▶ _Task details_
Retype the listing found below exactly, but leave out each picture.

▶ _Data section_
======

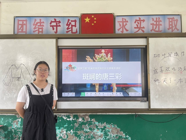 (通讯员 宋诗涵)唐三彩文物承载着盛唐历史,展现了千年之前的丝路文明,在中国文化中占有重要的历史地位。为引导留守儿童弘扬中国传统文化,坚定文化自信,丰富他们的假期生活。7月25日,湖北第二师范学院四叶草青年志愿服务队桃花小学分队志愿者带领学生们体会唐三彩的艺术之美,看见千年前的历史故事。志愿者通过知识讲解、视频欣赏等让学生们了解了唐三彩的历史起源、造型、制作方法等。在探索唐三彩颜色的奥妙时,志愿者强调:“唐三彩的釉彩有很多种颜色,但以”黄、绿、白三色为主,所以人们习惯称之为唐三彩。“为了让同学们更深入的感受唐三彩的艺术魅力,志愿者还准备了实践活动,让学生们自己挑选颜色,画一画唐三彩。学生们充分发挥自己的想象力,讨论颜色,精心描绘,一张张斑斓的唐三彩应运而生,教室充满了欢声笑语。“唐三彩“是中华优秀传统文化的重要组成部分。这次讲解,不仅激发了同学们对了解传统文化的兴趣,也增强了文化认同和文化归属感。
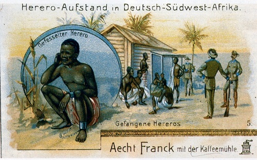In Kolonialausstellungen, auf bunten Reklamebildchen und auf andere Weise wurden in der Kaiserzeit die Verbrechen deutscher Eroberer in Leistungen zur „Zivilisierung“ der indigenen Völker umgedeutet. (Fotos/Repros: Caspar)
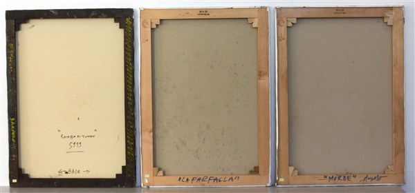 Lotto di tre opere: "Rombo di tuono" olio su tela, cm 70x50, firmato in basso al centro; firmato e titolato al retro. "La farfalla" olio su tela, cm 70x50, firmato in basso a destra e titolato al retro. "Morde" olio su tela, cm 70x50, firmato in basso a destra; firmato e titolato al retro

======

▶ _Written answer_
 (通讯员 宋诗涵)唐三彩文物承载着盛唐历史,展现了千年之前的丝路文明,在中国文化中占有重要的历史地位。为引导留守儿童弘扬中国传统文化,坚定文化自信,丰富他们的假期生活。7月25日,湖北第二师范学院四叶草青年志愿服务队桃花小学分队志愿者带领学生们体会唐三彩的艺术之美,看见千年前的历史故事。志愿者通过知识讲解、视频欣赏等让学生们了解了唐三彩的历史起源、造型、制作方法等。在探索唐三彩颜色的奥妙时,志愿者强调:“唐三彩的釉彩有很多种颜色,但以”黄、绿、白三色为主,所以人们习惯称之为唐三彩。“为了让同学们更深入的感受唐三彩的艺术魅力,志愿者还准备了实践活动,让学生们自己挑选颜色,画一画唐三彩。学生们充分发挥自己的想象力,讨论颜色,精心描绘,一张张斑斓的唐三彩应运而生,教室充满了欢声笑语。“唐三彩“是中华优秀传统文化的重要组成部分。这次讲解,不仅激发了同学们对了解传统文化的兴趣,也增强了文化认同和文化归属感。
In Kolonialausstellungen, auf bunten Reklamebildchen und auf andere Weise wurden in der Kaiserzeit die Verbrechen deutscher Eroberer in Leistungen zur „Zivilisierung“ der indigenen Völker umgedeutet. (Fotos/Repros: Caspar)
 Lotto di tre opere: "Rombo di tuono" olio su tela, cm 70x50, firmato in basso al centro; firmato e titolato al retro. "La farfalla" olio su tela, cm 70x50, firmato in basso a destra e titolato al retro. "Morde" olio su tela, cm 70x50, firmato in basso a destra; firmato e titolato al retro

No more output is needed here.